Study confirms dexamethasone benefits for critically ill Covid-19 patients
The full results of a UK trial of dexamethasone, published on Friday confirmed its life-saving benefits for ventilator-connected Covid-19 patients. Although they suggest it may cause harm, if given too soon.
A total of 2,104 hospitalized patients received daily doses of six milligrams of dexamethasone for up to 10 days, while another 4,321 received standard treatment, comparing death rates after 28 days.
Among respirator patients, the death rate was 29.3% in those who took dexamethasone, versus 41.4% in those who did not, according to the study's findings published in the New England Journal of Medicine.
In patients who received oxygen through less invasive means than respirators, the benefit was less since 23.3% of those who received dexamethasone died compared to 26.2% of those who were not medicated with the steroid.
However, there were no benefits among those who were not receiving oxygen at the time the study began.
In this case, 17.4% of those who took dexamethasone died, against 14% of those who did not, suggesting that the drug increased their risk of mortality.
This is because the drug works by suppressing the abnormal immune response that damages the body's organs, rather than attacking the virus.

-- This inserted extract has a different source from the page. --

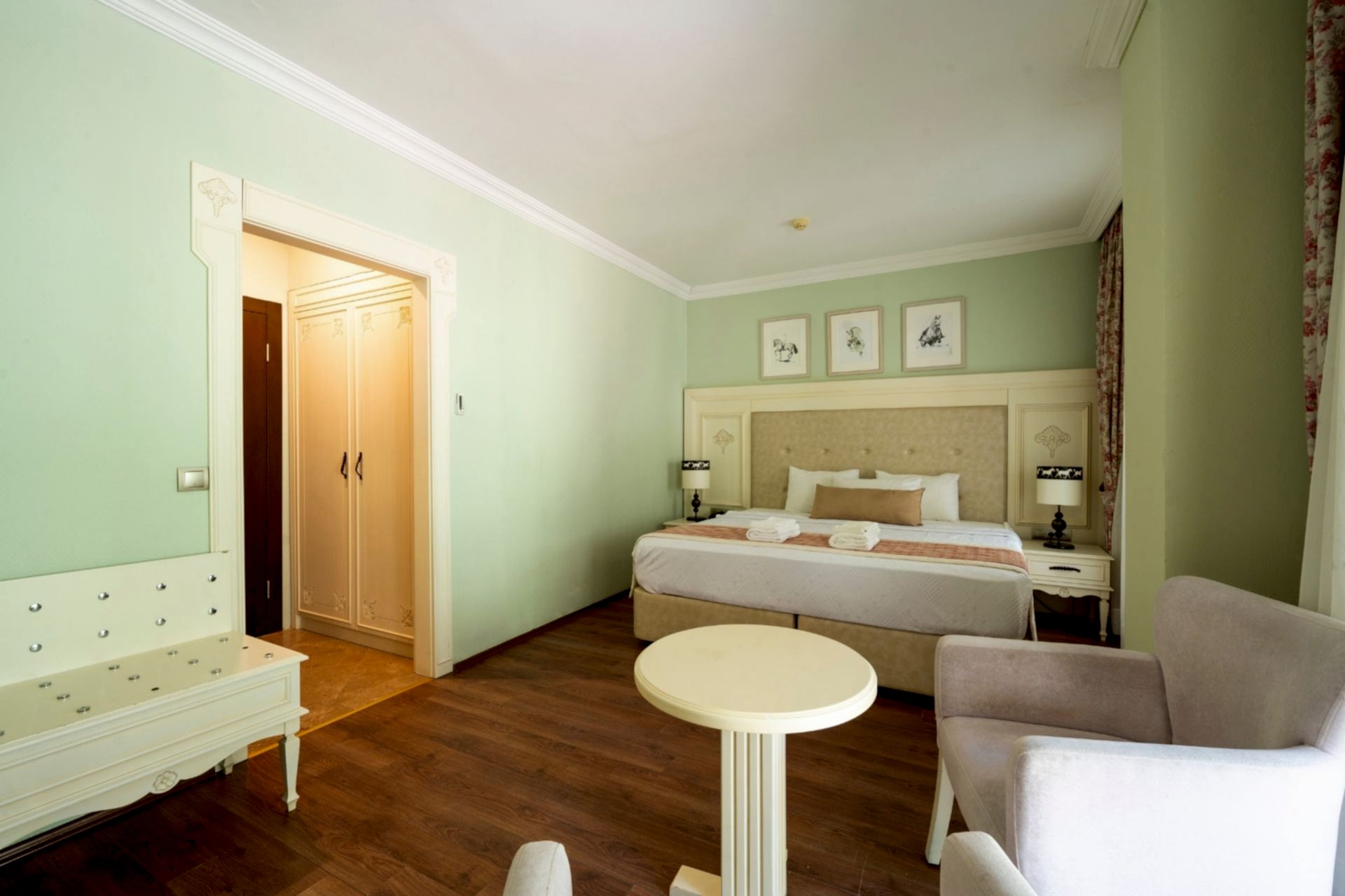 Deluxe odalar 24 m2 olup, daha geniş ve ferah oda keyfini yaşamanız için ayrılmış bölümü ve oturma grubuyla hizmetinizdedir.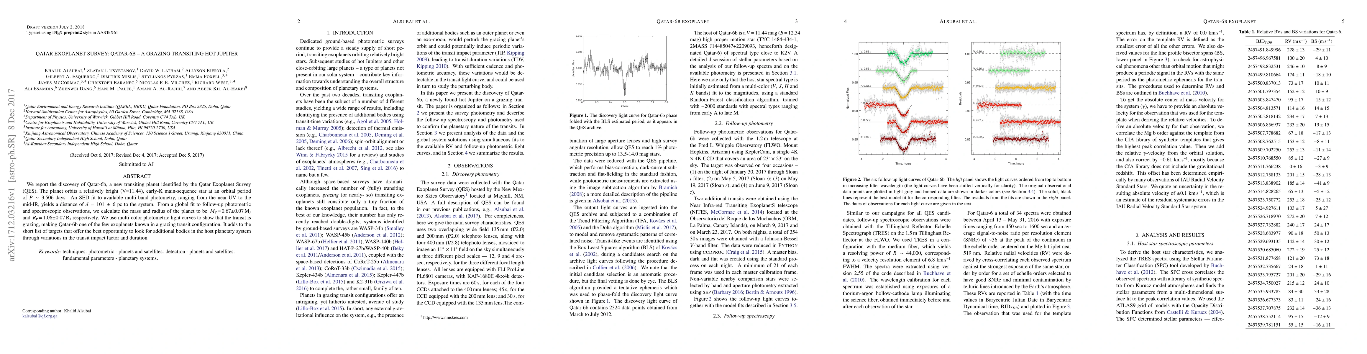 The Qatar Exoplanet Survey discovered Qatar-6b, a grazing transiting hot Jupiter with a mass of 0.67 Mjup and radius of 1.06 Rjup, orbiting a bright early-K star every 3.506 days. Its grazing transit makes it a prime target for studying additional planetary bodies in the system.

In an interview with AFP in June, American scientist Anthony Fauci cautioned that dexamethasone should not be prescribed too soon in covid-19 patients.
It had no effect, or perhaps suggesting a worsening of things from the beginning, said the White House medical adviser.
Fauci considered that this is perfectly compatible with the knowledge that at the beginning of the infection the immune system is needed to suppress the virus.
The research authors estimated that the drug's benefits depend on the right dose, at the right time, in the right patient.
They also indicated that for covid-19, for patients requiring oxygen, the abnormal immune response seems to be more responsible for the damage than the advance of the virus itself in the body.
But they cautioned that this hypothesis should not apply to other viral respiratory diseases like SARS, MERS, and influenza, without further study.
Dexamethasone was adopted in the United Kingdom on June 16, the day the initial research results were announced and is also recommended by the United States National Institutes of Health.